**WHAT TO WORK ON:**
With the pictures omitted, repeat exactly the lines below starting with the line that has "随后,会上讨论了汪辉龙、余敏" and going on through the line that has "Hand wiping down".

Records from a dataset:
++++++++++
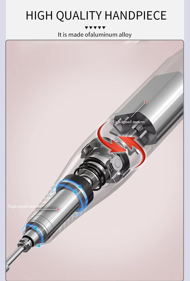 Партатыўны электрычны набор свердзелаў для пазногцяў з магутным рухавіком 65 Вт 35000 абаротаў у хвіліну
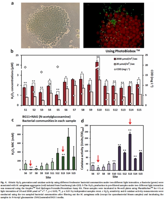 銅綠微囊藻的生存策略:依賴共生細(xì)菌(α-變形菌)的過氧化氫酶抵御H?O?脅迫(圖5-6)。
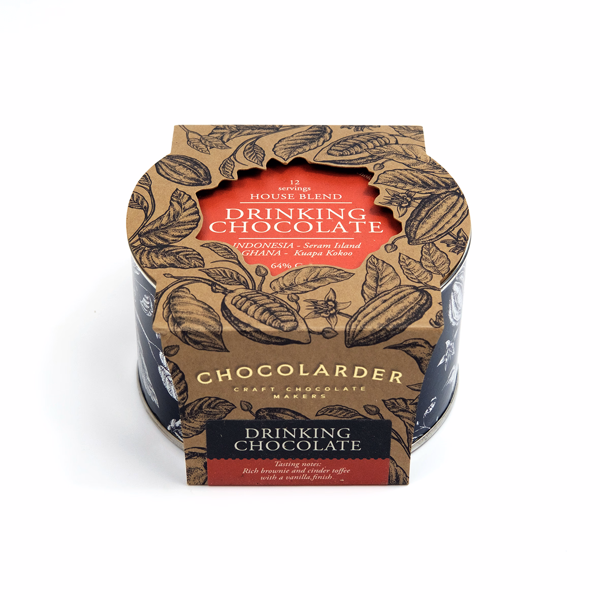 As you know, all of our chocolate bars are single-origin, and the decision to create our House Blend, mixing two chocolates together was not taken lightly. The marriage of the right chocolates was a painstaking process, ensuring extra length and depth to the flavour that lingers on the tongue. The complexities of the Ghanaian and Indonesian flavours both complement each other perfectly, blending together in a dreamy combination. You may have some difficulty making your tin last!
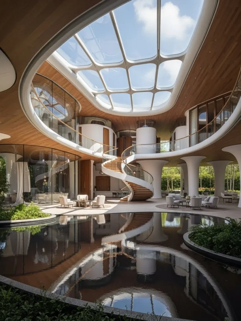 Inside, open-plan spaces follow curvilinear forms, guiding movement intuitively. Natural light sculpts interiors, highlighting materials and flowing geometry. Timber, stone, and subtle textures provide warmth and contrast to the futuristic forms.
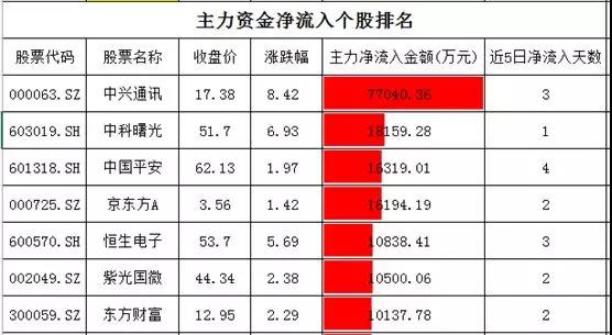 麟龙投顾指出,个股资金净流入方面,净流入规模相对前几个交易日有些向好的改善,中兴通讯净流入超过7.7亿元,中科曙光净流入超过1.8亿元,中国平安、京东方A净流入超过1.6亿元。
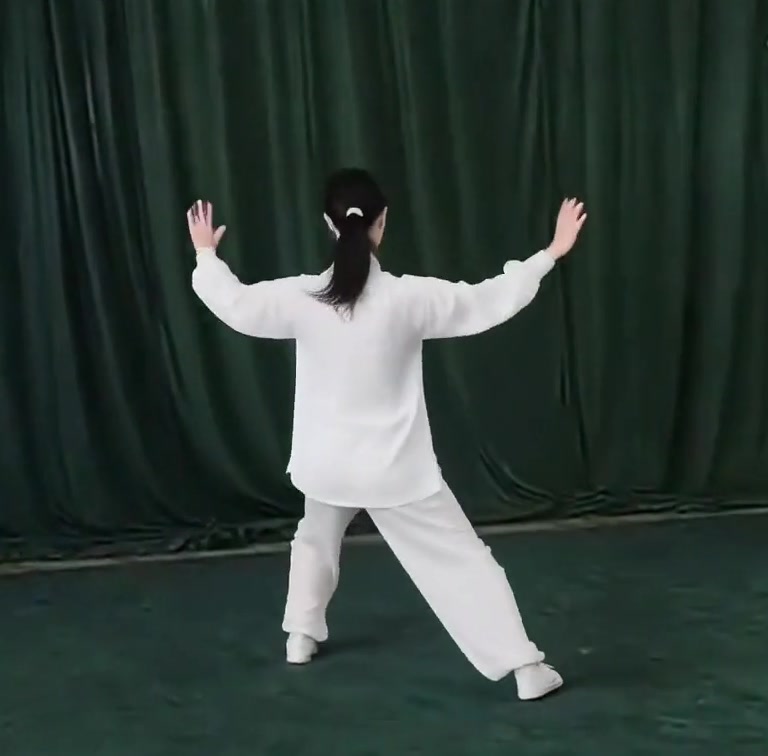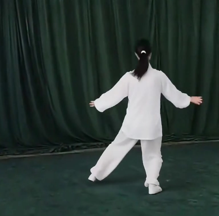 左足の膝を屈げながら体を後にひいて重心を左脚に移し、上体を左にまわす。同時に右脚はひざをのばし、かかとを軸にして、つま先をあげ左にまわす。同時にまた、両手は拳を徐々にひらき、上から左右に向かって弧を描いて平行に分け開く。(手のひらは前向き)
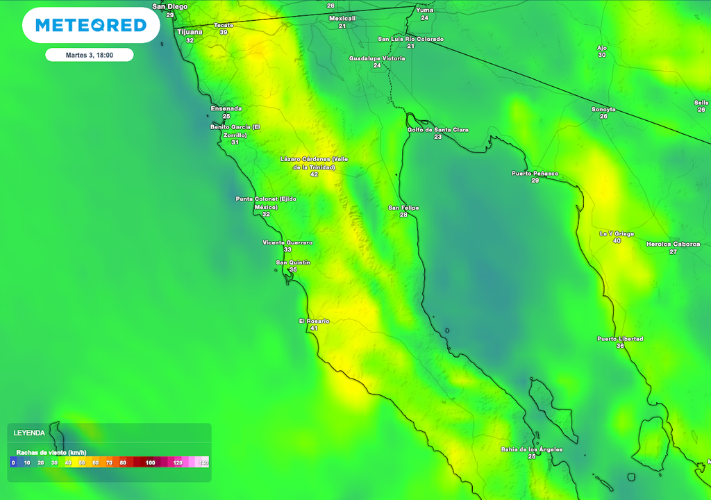 Por otro lado, la presencia de una vaguada en superficie (canal de baja presión) semipermanente al este del estado, favorece vientos moderados a fuertes en gran parte de la Península de Baja California. Se espera que, el viento sea del oeste-noroeste con valores que oscilen entre los 15 a 25 km/h con rachas de hasta 50 km/h.
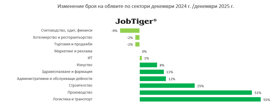 В последния месец на изминалата 2025 г. обявите за работа са намалели с 33% спрямо ноември. Според месечния анализ на HR компанията и кариерен сайт JobTiger спадът възлиза на близо 11 600 предложения по-малко на месечна база, като общият брой на обявите в края на м. декември е около 23 600.
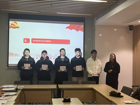 随后,会上讨论了汪辉龙、余敏实等5位同志的转正问题。经支委会讨论以及支部党员的监督,5位同志如期转为正式党员,并由辅导员杨傲寒为5名同志颁发政治生日贺卡。最后,杨傲寒老师对支部同志提出殷切期待,希望大家勇担使命,做有担当的集成人。
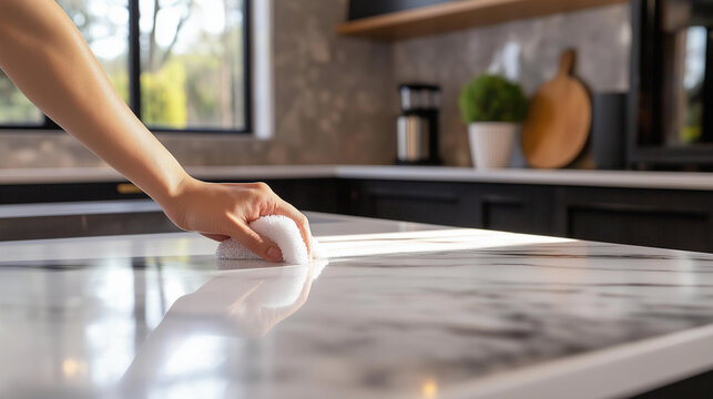 Hand wiping down a marble kitchen counter with sunlight streaming in
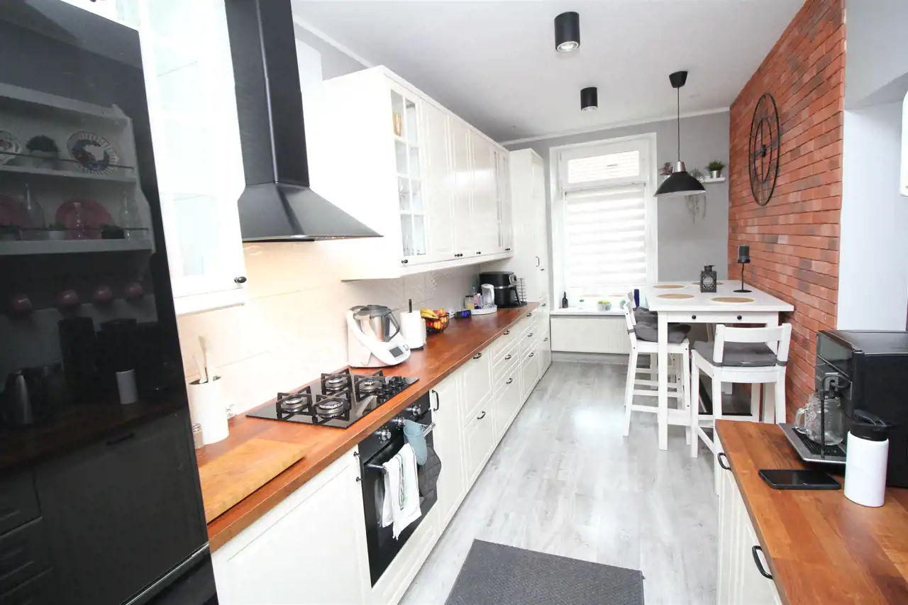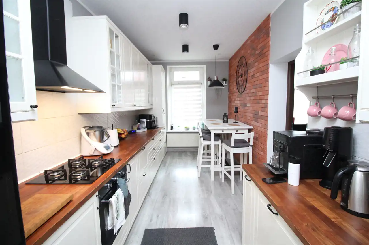 OFERT NA WYŁĄCZNOŚĆ. Na sprzedaż przytulne mieszkanie w górnej części Sobięcina o powierzchni 78 m2 wraz z dwoma piwnicami 26m2 oraz strych i pomieszczenie na półpiętrze. Położony na pierwszym piętrze lokal składa się z dwóch bardzo dużych pokoi, kuchni z oknem i stołem jadalnym, łazienki z wc i oknem ( wanna i prysznic), dwóch przedpokoi z czego jeden z bardzo dużą i pojemną szafą. W mieszkaniu na ścianach gładzie i tynk ozdobny, na podłogach panele i kafle, okna PCV, ogrzewanie gazowe - piec dwufunkcyjny oraz kominek z nawiewami, wymienione instalacje. Budynek po remoncie dachu i klatki schodowej wraz z instalacjami, monitoring na zewnątrz i wewnątrz budynku. Całość posesji ogrodzona, brama otwierana automatycznie. Nieruchomość gotowa do zamieszkania bez dodatkowych nakładów. Do mieszkania przynależy ogródek. Dobra lokalizacja. W pobliżu las, niska zabudowa, komunikacja miejska. W cenie mieszkania stała zabudowa ze sprzętem. Możliwość pozostawienia pozostałych mebli według ustaleń. Cena 339 tyś- do negocjacji. Serdecznie polecam i zapraszam na prezentację. Więcej informacji Anna Dąbrowska tel. 722 27 27 15 lub email: anna@akwadratnieruchomosci.pl
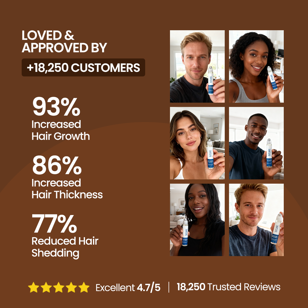 The Botanic Advanced Hair Growth Roll-On Serum is more than a topical—it's a patented micro-delivery system that drives actives where hair actually grows: the follicle. No mess, no grease—just targeted absorption and visible density gains.
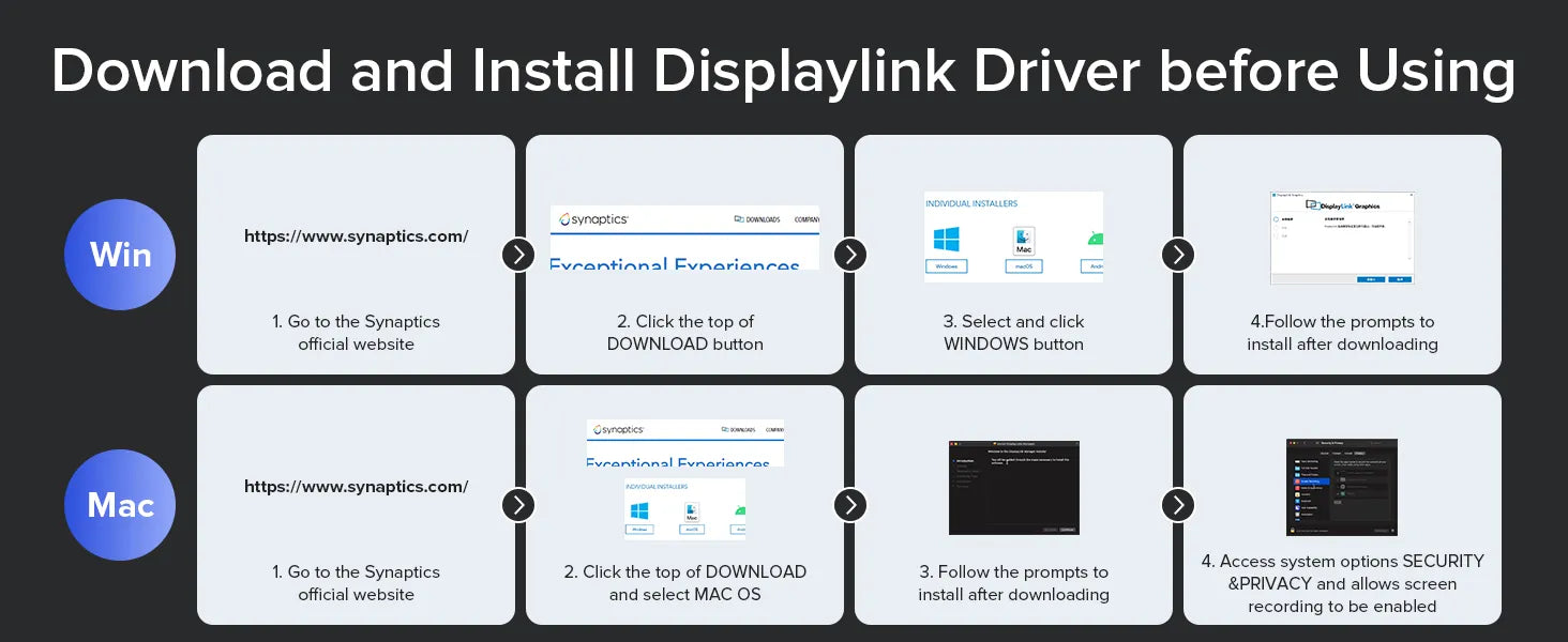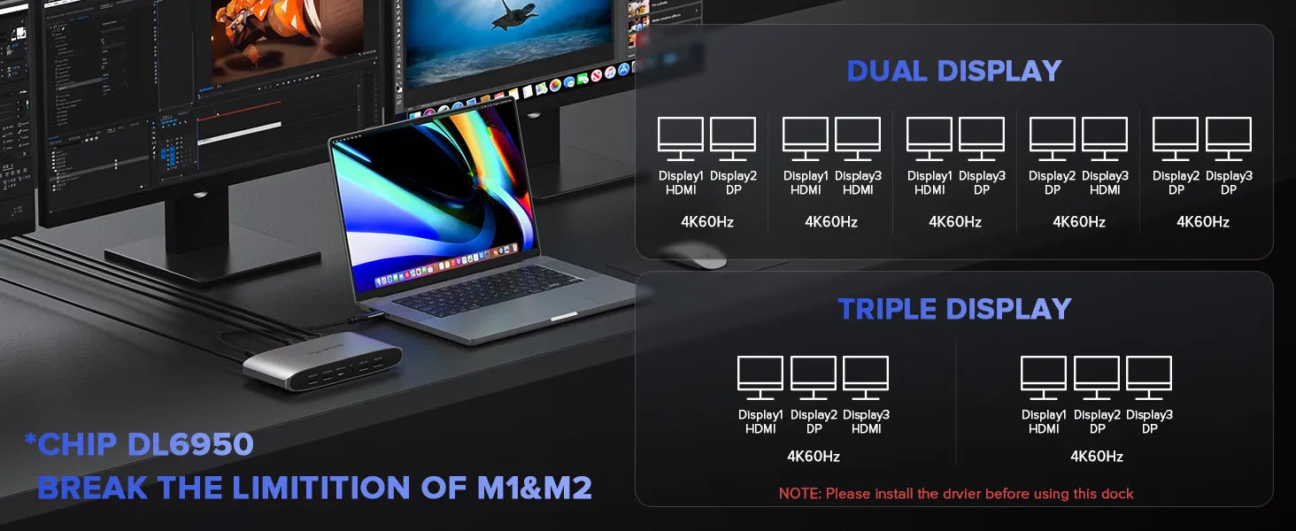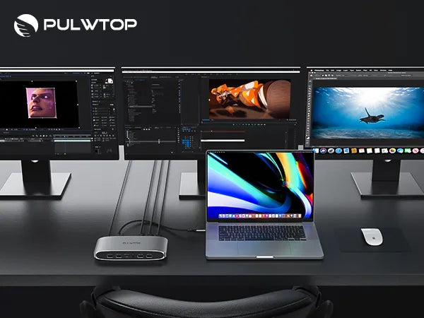- M1/M2 MacBook Triple Display: After installing the DisplayLink driver, PULWTOP docking station can break the single extend display limitation of M1/M2 Macbook . It can extend triple monitor to make your own workspace. Note: The triple expansion function of PULWTOP universal docking station can only be used after installing the DisplayLink driver.
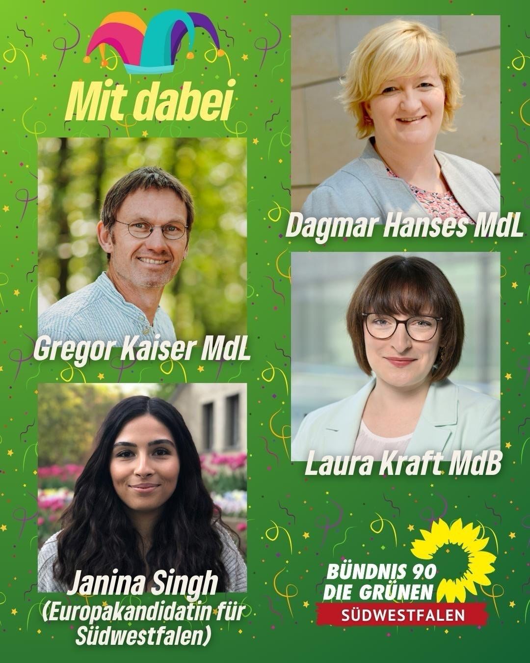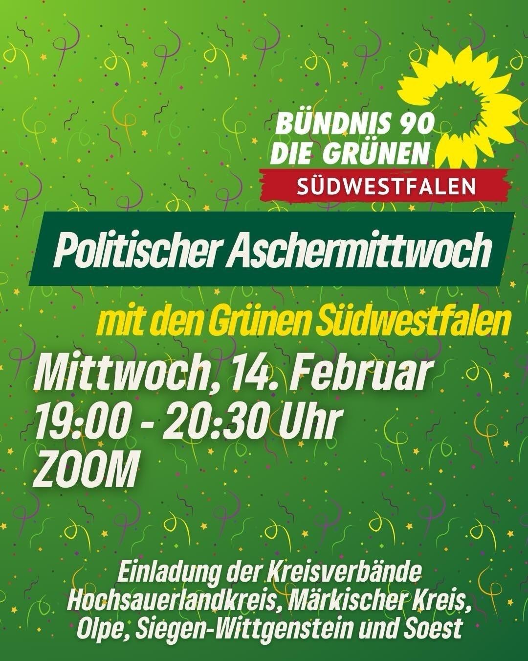 Wir möchten euch deshalb gerne zum 2. Online – Aschermittwoch-Treff am 14. Februar um 19.00h einladen! Auch wenn die Zeiten für die Welt und für uns Grüne rauer geworden sind, wollen wir gerne ein kleines Momentum aus dem Karneval mitnehmen, denn nie können die Zeiten so finster sein, dass Humor sie nicht ein wenig erträglicher machen könnte. Andererseits erleben wir gerade, dass die bürgerliche Mitte gegen die Neofaschisten der AfD und andere unerträgliche Zeitgenossen aus dem rechtsradikalen Spektrum aufsteht und verstanden hat, dass Demokratie wie Zähneputzen ist: putzt man sie nicht täglich, wird’s ganz schnell braun! Wie können wir dieses Erwachen der bisher schweigenden Mehrheit in den Europawahlkampf hineintragen? Denn nur sie kann einen Rechtsruck in Deutschland und damit eine Vorlage für die anstehenden Landtagswahlen verhindern. Das wollen wir mit Janina, unserer EU-Kandidatin diskutieren, und natürlich wieder mit Dagmar, Laura und Gregor.
++++++++++
**REPLY TO THE EXERCISE:**
 随后,会上讨论了汪辉龙、余敏实等5位同志的转正问题。经支委会讨论以及支部党员的监督,5位同志如期转为正式党员,并由辅导员杨傲寒为5名同志颁发政治生日贺卡。最后,杨傲寒老师对支部同志提出殷切期待,希望大家勇担使命,做有担当的集成人。
 Hand wiping down a marble kitchen counter with sunlight streaming in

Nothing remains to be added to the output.